In recent years, real-world data (RWD) and real-world evidence (RWE) have been gaining traction across life sciences research and development (R&D) and healthcare. This traction makes sense and is a good thing for all of us. RWE is where we identify significant breakthroughs in care, backed up by real-world [patient] data (RWD) versus reliance only upon findings from controlled environments such as clinical trials. The increased focus on RWD and RWE signifies a shift in how the life sciences and medical communities use data to make informed decisions to improve patient outcomes and experiences. The challenge lies in unlocking the value of RWD/RWE while preserving data privacy and complying with security regulations.
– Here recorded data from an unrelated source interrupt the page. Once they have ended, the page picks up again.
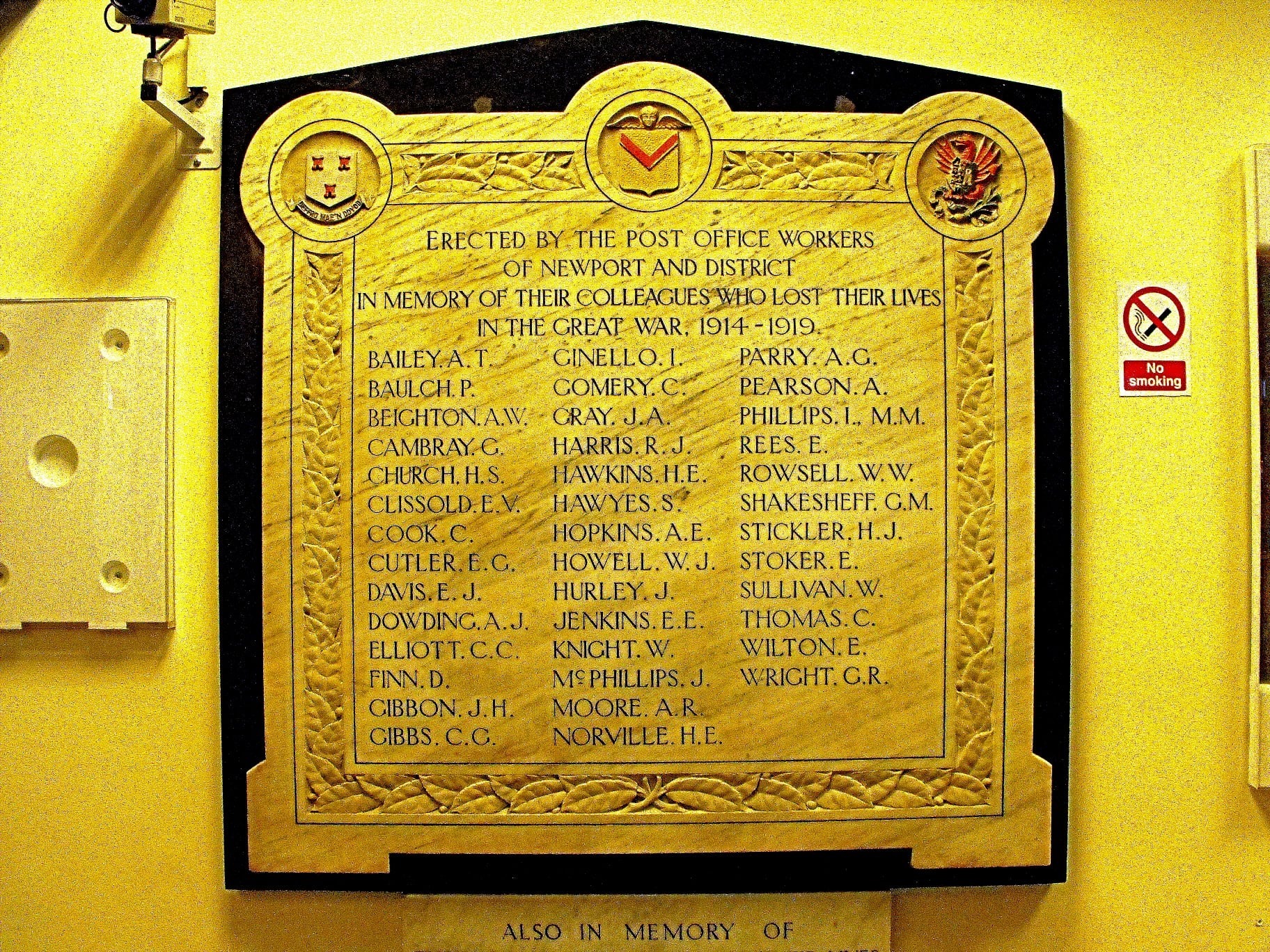 This is a transcription of the Newport GPO (General Post Office) Great War Memorial shown in the image. Newport Post Office War Memorial ERECTED BY THE POST OFFICE WORKERS OF NEWPORT AND DISTRICT IN MEMORY OF THEIR COLLEAGUES WHO LOST THEIR LIVES IN THE GREAT WAR, 1914 - 1919. Roll of Honour Column 1 Column 2 Column 3 BAILEY. A. T. GINELLO. I. PARRY. A. G. BAULCH. P. GOMERY. C. PEARSON. A. BEIGHTON. A. W. GRAY. J. A. PHILLIPS. I., M.M. CAMBRAY. G. HARRIS. R. J. REES. E. CHURCH. H. S. HAWKINS. H. E. ROWSELL. W. W. CLISSOLD. E. V. HAWYES. S. SHAKESHEFF. G. M. COOK. C. HOPKINS. A. E. STICKLER. H. J. CUTLER. E. C. HOWELL. W. J. STOKER. E. DAVIS. E. J. HURLEY. J. SULLIVAN. W. DOWDING. A. J. JENKINS. E. E. THOMAS. C. ELLIOTT. C. C. KNIGHT. W. WILTON. E. FINN. D. McPHILLIPS. J. WRIGHT. G. R. GIBBON. J. H. MOORE. A. R. GIBBS. C. G. NORVILLE. H. E.
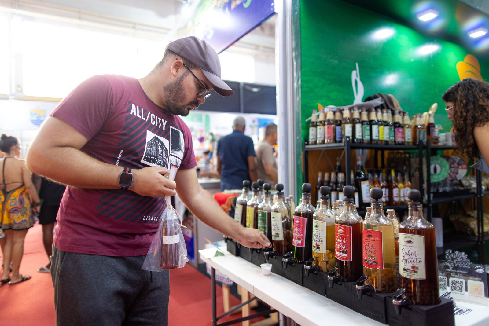 A produção, comercialização e venda de cachaça está intrinsecamente ligada à região Nordeste, principalmente nos municípios localizados no interior dos estados. E, na 13ª Edição da Feira dos Municípios, os visitantes tiveram a experiência de vivenciar nos estandes a “Rota da Cachaça”. Na maioria dos espaços, havia sempre uma ou várias garrafas de “pinga” e da “marvada”, como carinhosamente costumamos chamar.
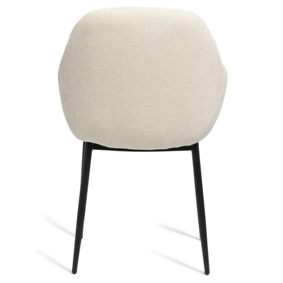 Eetkamerstoel Emma is bekleed met een chenille stof met een fijne weving. Deze verfijnde structuur voelt prettig en zacht aan, en de neutrale crème kleur is een prachtige aanwinst voor je eetkamer.
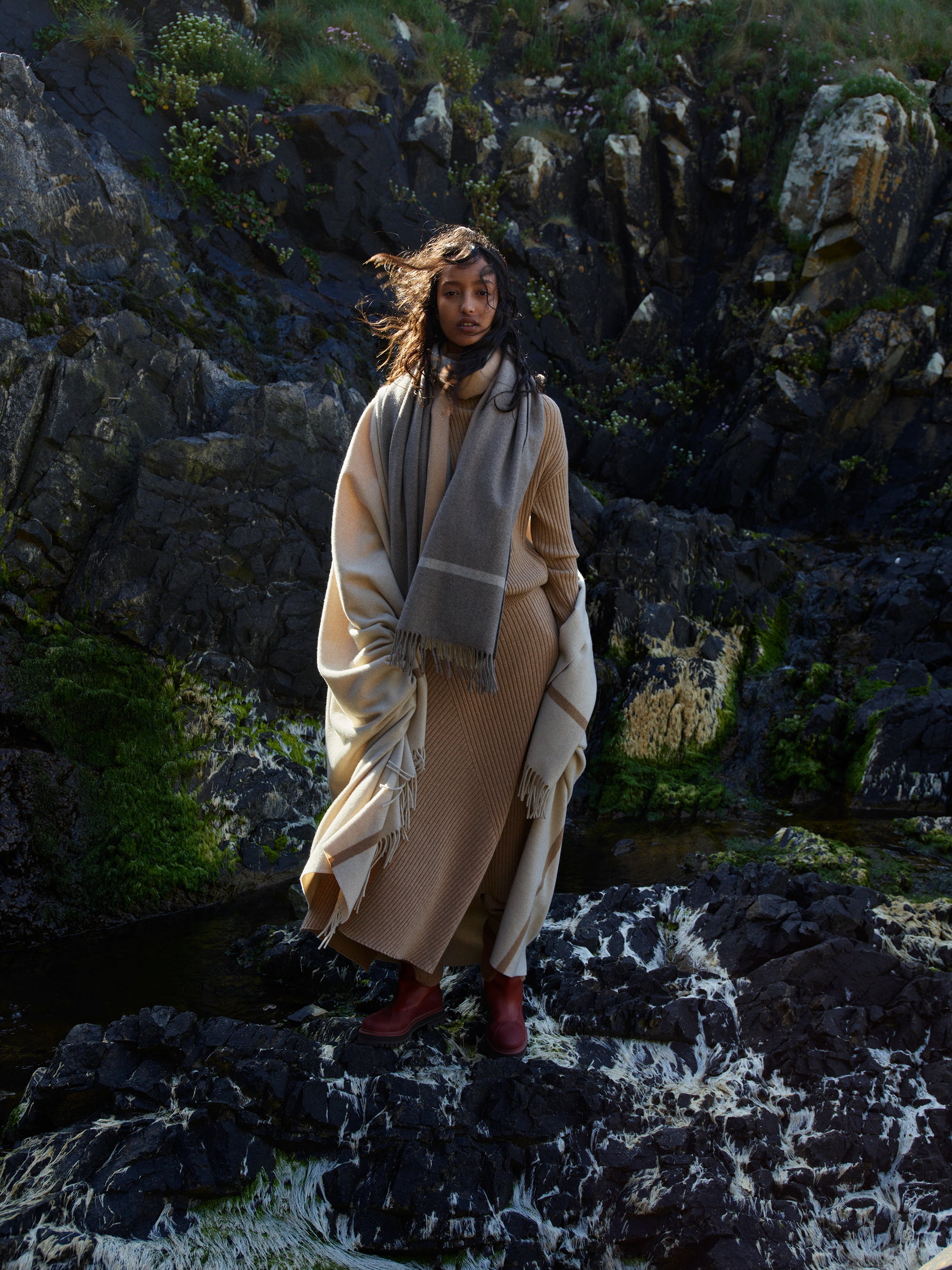 ふたつの宇宙が交わす自発的で絶え間ない対話に、ロロ・ピアーナの探検者たちはそっと足を踏み入れます。これらのイメージは、最も親密で思慮深い瞬間をとらえると同時に、自然と完全に調和するさらに自由な瞬間も見逃しません。ウェアはその地の精神、大きさ、色と結びつき――海藻と谷のグリーン、海のブルー、絶壁のホワイトとベージュ――繊細さ、力強さ、優雅さで体を包みこみます。それぞれの個性が際立ち、ロロ・ピアーナならではの軽快さを描き出しています。

In this post, we will look at RWD/RWE through the lens of healthcare and life sciences use cases and their value potential. Stay tuned for a follow-up article in which we will discuss how Globant and Duality Technologies team up to disrupt the status quo and support clients with RWE solutions that streamline the use and maximize the value of RWD.
RWD/RWE in R&D – Medical Breakthroughs
Real-world data (RWD) refers to data – routinely collected from various sources outside of traditional clinical trials – that describes patient health status and the delivery of healthcare. Example sources of RWD include electronic health records (EHRs) used and owned by care providers, claims and billing activities, prescription data, data from wearables, and data collected via patient surveys or other patient-generated methods. Unlike data collected during randomized controlled trials (RCT), RWD reflects real-life scenarios, encompassing a broader demographic of patients and environments, making it inherently more diverse and robust than RCT data. Real-world evidence (RWE) refers to the evidence derived from the analysis of RWD. RWE can offer different – and more representative – insights into a product’s (drug or medical device) effectiveness, side effects, usage comparisons, and more.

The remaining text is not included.